Стол.
Ожидаемо.
Столько пятиться – значит непременно во что-то упереться.
Сжимаю столешницу руками, а сердце, кажется, пропускает удар.
Ведь он наступает медленно, но неустанно. Знает, стервец, что
никуда я от него не денусь. Зачем ему какие-то «нет» с моей
стороны? Он в силу своего происхождения и положения знает
иное…
Слышит и стук моего сердца, видит расширенный зрачок, дрожь рук и
судорожный вдох… И при этом хочет верить, что это не от страха.
Мне бы самой не мешало понять от чего так.
Каков мой выбор?
Его рука касается моей щеки и, кажется, я задерживаю дыхание.
- Упрямая девчонка… – Его шепот вызывает бег мурашек. – Если это
страх, то это поистине оскорбительно!
А это, действительно страх. Страх самой себя.
Его вторая рука сжимает мою талию, как будто боясь, что исчезну,
каким-то образом просочусь через кухонный стол и ему снова придется
достигать меня, тянуться…
- Нет. – Тихо произношу я, когда его губы оказываются в нескольких
сантиметрах от моих. – Нет.
Распахиваются окна, поднимается ветер такой силы, что я зажмуриваю
глаза. Когда открываю их – на кухне никого.
Этого ли ты хотела?
Странный запах – это первое что отчетливо осознается сквозь
отчаянную слабость, приправленную отголосками боли.
Затхлость, травы, табак.
Такого запаха не должно быть ни в моей квартире, ни в больнице,
если я все-таки там оказалась.
Неудобно. Жестко. Тело затекло, ощущается тяжелым и, как будто,
прилипшим к странному ложу. Отчетливо представляются пауки,
сковавшие меня, как большую муху, увязшую в огромной паутине.
Хочется задергаться, вскочить, разорвать путы.
- Ну, что? Выживет? – Голос прокуренный. Мужской. Каркающий.
Недовольный.
- Сколько она так лежит?
- Так со вчерашнего утра и лежит…
- Почему вызвал меня, а не лекаря? – Женщина тоже недовольна.
На мой лоб опускается что-то влажное и запах трав усиливается. Жаль
я в них не разбираюсь.
- Да сколько тот лекарь стоит! Нет у меня лишних денег.
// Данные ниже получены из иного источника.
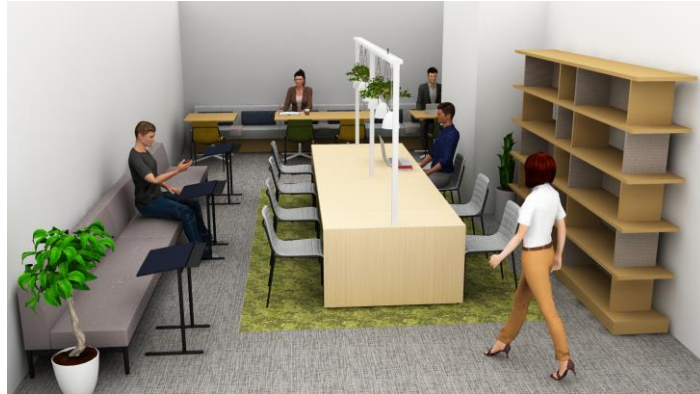
ワークラウンジイメージ

「仕事に集中したい」「気分を変えて自宅以外で勉強したい」といった多様な働き方・ライフスタイルに対応が出来る共用のワークラウンジを設けました。複合機・Wi-Fiを完備し、株式会社 KOKUYO による空間コーディネートにより機能的で利用しやすい空間となっています。
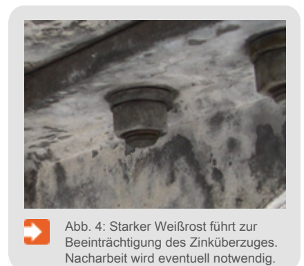
Abb. 4: Starker Weißrost führt zur Beeinträchtigung des Zinküberzuges. Nacharbeit wird eventuell notwendig.
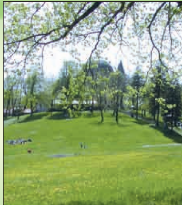
Jaro na Svatém Hostýně
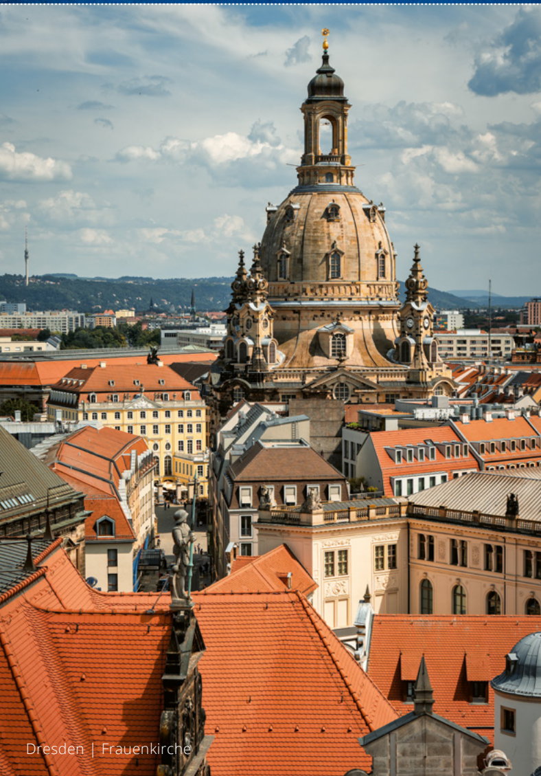
Dresden | Frauenkirche

- А станет твоя жена инвалидом, появятся!?
Жена? Здесь помимо меня еще кто-то в плачевном состоянии?
Что происходит, где врачи?
- Ты можешь что-то сделать или нет!?
- У нее сотрясение и сломаны несколько ребер! Что я могу сделать
своими настоями!? Здесь нужен лекарь!
- Ясно. Бери и проваливай! – Слышится звук падения монеты на
дерево.
Монеты?
Надо открыть глаза, но тяжесть не отпускает.
- Давай ей этот настой, Хьярвик! Он снимает боль!
- Понял, понял!
Голоса удаляются, а тяжесть побеждает.
В следующее пробуждение глаза получается открыть.
Обшарпанный незнакомый потолок почему-то оказывается отличным
рычагом к отчетливому пониманию о том, что я умерла.
Онкология, как ветер, подхватывающий семена и разносящий их в
различные места, где они либо погибнут, либо дадут новую жизнь. А
моя – старая-новая? Почему так? Да и есть ли смысл задавать эти
вопросы? Вот она я – в другом теле с прежней памятью. И что-то с
этой новой жизнью нужно делать…
Поворачиваю голову и вижу на старой деревянной тумбочке склянку с
зеленой жидкостью. Она ли снимает боль? Учитывая, как ноет голова и
ребра, может стоит рискнуть? Вот только не мешало бы себя
поднять…
Ну, что ж. Как учила сиделка в последние месяцы моей прошлой
жизни.
Итак, поворачиваемся на бок.
Ох, как же больно. Даже вздохнуть получается не с первого раза.
Подставляем локоть.
Боль вновь простреливает так, что темнеет в глазах.
После локтя кисть… и рывок.
Слышу собственный стон и понимаю, что прокусила губу.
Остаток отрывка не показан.